EXERCISE:
Could every line of the listing be output exactly, with the pictures skipped?

======== PROVIDED MATERIAL ========

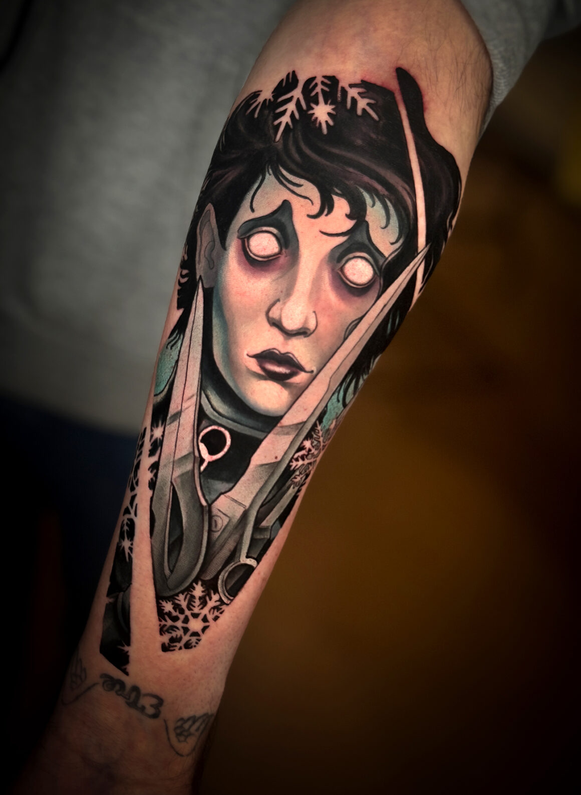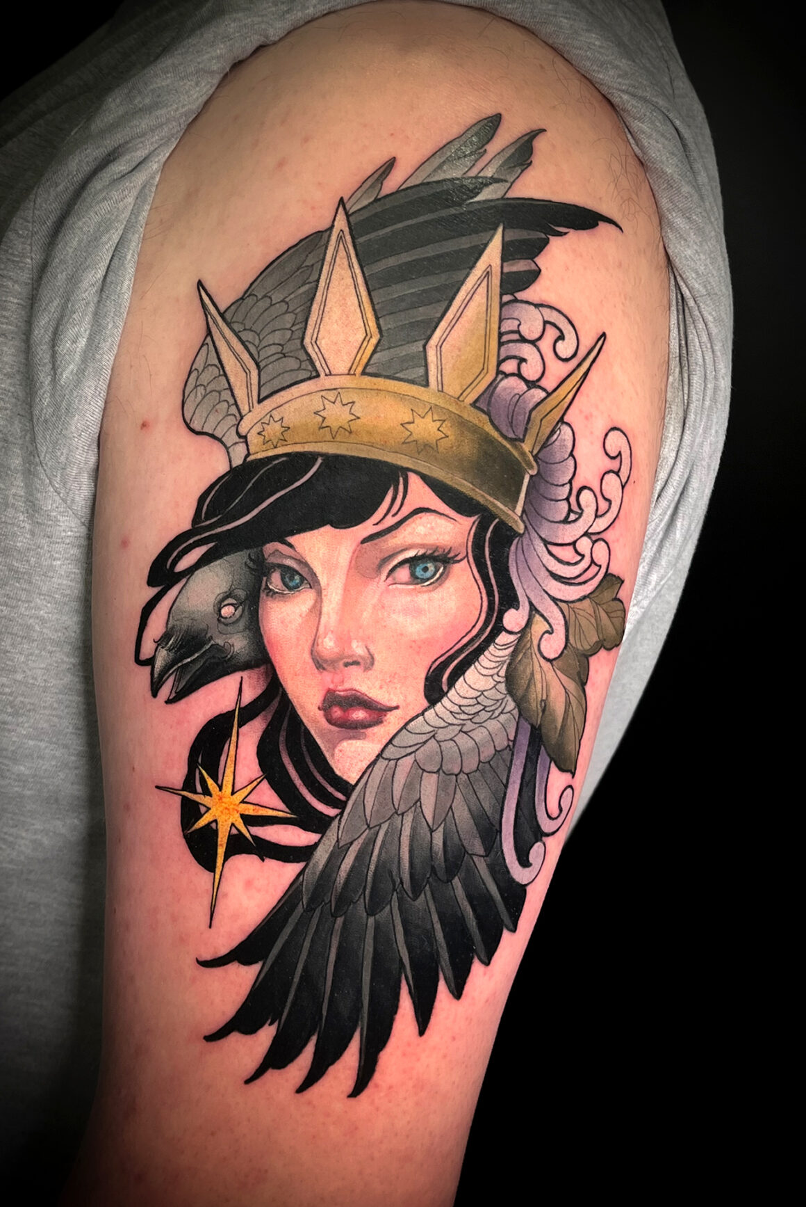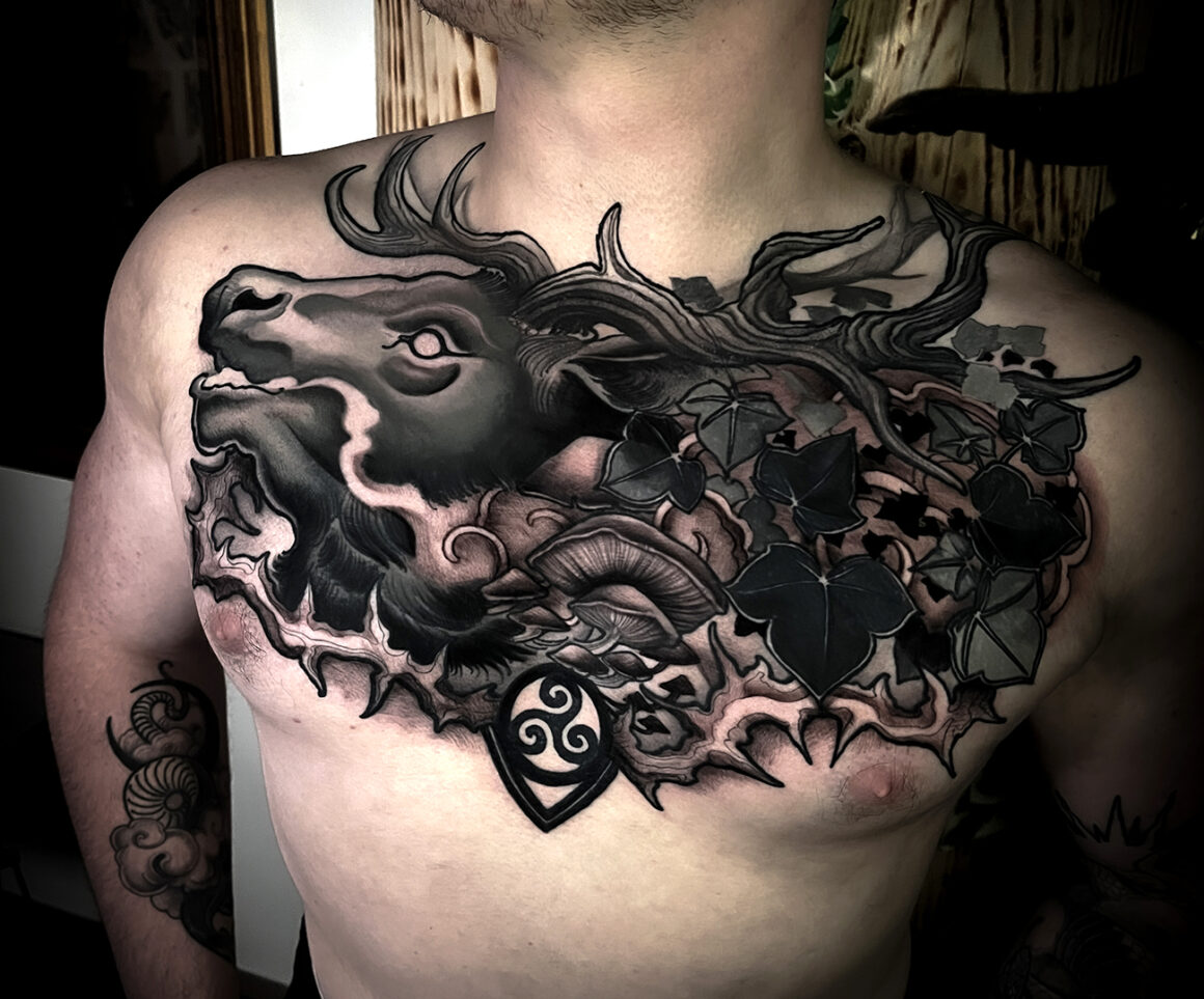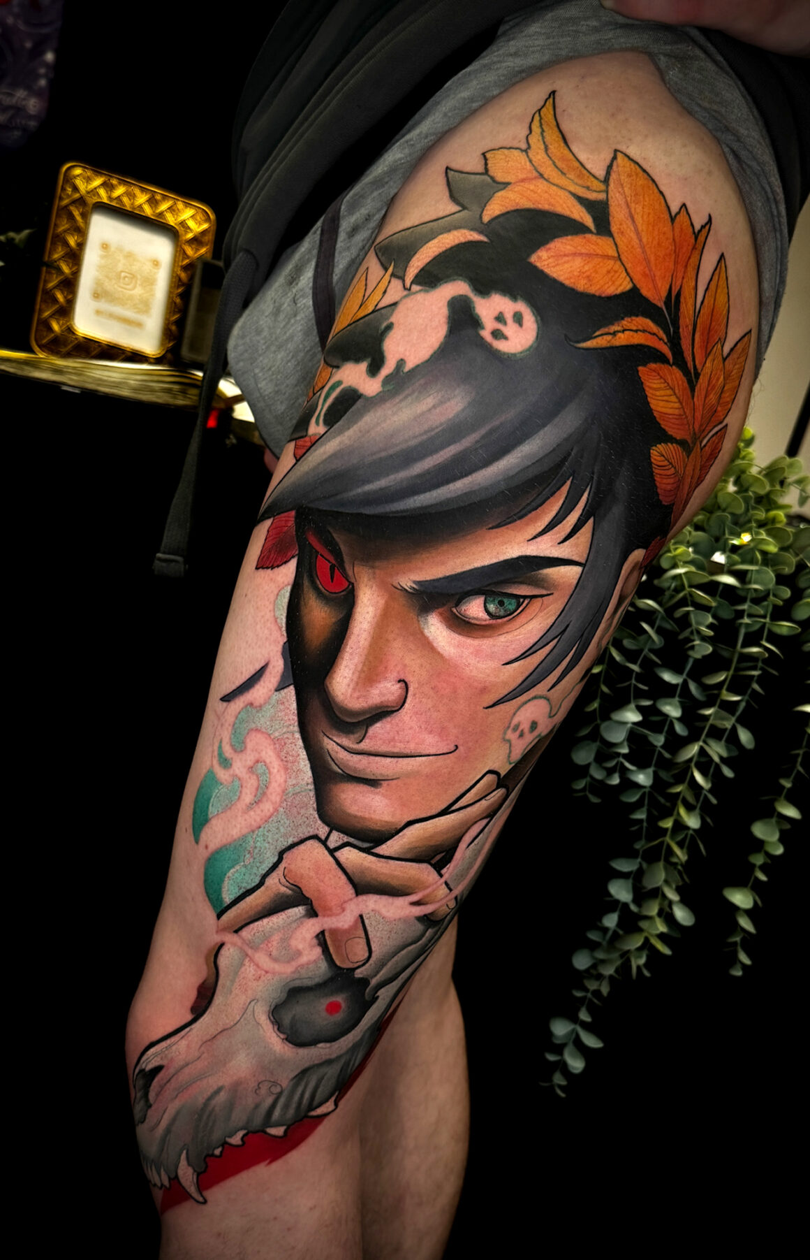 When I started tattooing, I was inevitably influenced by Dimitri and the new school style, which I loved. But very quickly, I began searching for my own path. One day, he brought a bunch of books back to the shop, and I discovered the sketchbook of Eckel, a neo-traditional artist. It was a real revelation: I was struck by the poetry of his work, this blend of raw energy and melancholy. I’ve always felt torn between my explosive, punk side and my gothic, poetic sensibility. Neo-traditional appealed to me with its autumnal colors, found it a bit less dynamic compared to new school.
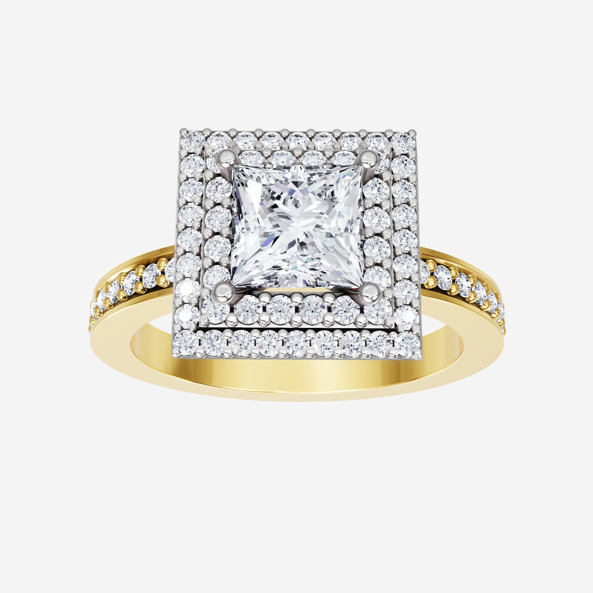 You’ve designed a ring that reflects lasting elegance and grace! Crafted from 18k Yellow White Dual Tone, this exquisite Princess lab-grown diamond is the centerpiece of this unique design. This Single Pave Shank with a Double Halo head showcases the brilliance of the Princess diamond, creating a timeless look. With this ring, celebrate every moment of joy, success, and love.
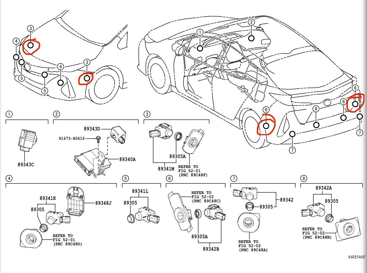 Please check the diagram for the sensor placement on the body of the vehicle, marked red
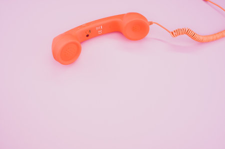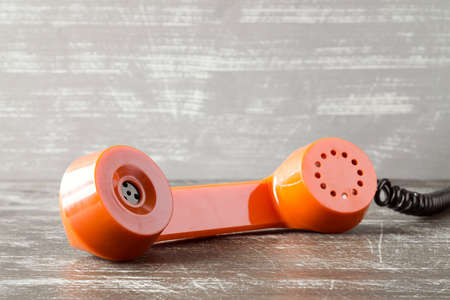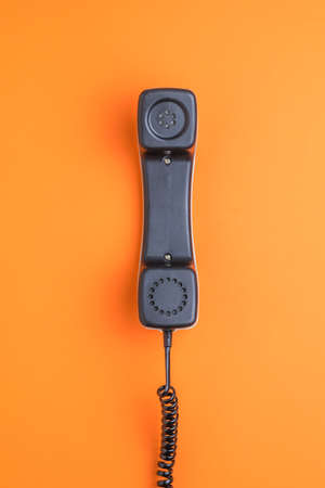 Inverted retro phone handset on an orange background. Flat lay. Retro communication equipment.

========

SOLUTION:
 When I started tattooing, I was inevitably influenced by Dimitri and the new school style, which I loved. But very quickly, I began searching for my own path. One day, he brought a bunch of books back to the shop, and I discovered the sketchbook of Eckel, a neo-traditional artist. It was a real revelation: I was struck by the poetry of his work, this blend of raw energy and melancholy. I’ve always felt torn between my explosive, punk side and my gothic, poetic sensibility. Neo-traditional appealed to me with its autumnal colors, found it a bit less dynamic compared to new school.
 You’ve designed a ring that reflects lasting elegance and grace! Crafted from 18k Yellow White Dual Tone, this exquisite Princess lab-grown diamond is the centerpiece of this unique design. This Single Pave Shank with a Double Halo head showcases the brilliance of the Princess diamond, creating a timeless look. With this ring, celebrate every moment of joy, success, and love.
 Please check the diagram for the sensor placement on the body of the vehicle, marked red
 Inverted retro phone handset on an orange background. Flat lay. Retro communication equipment.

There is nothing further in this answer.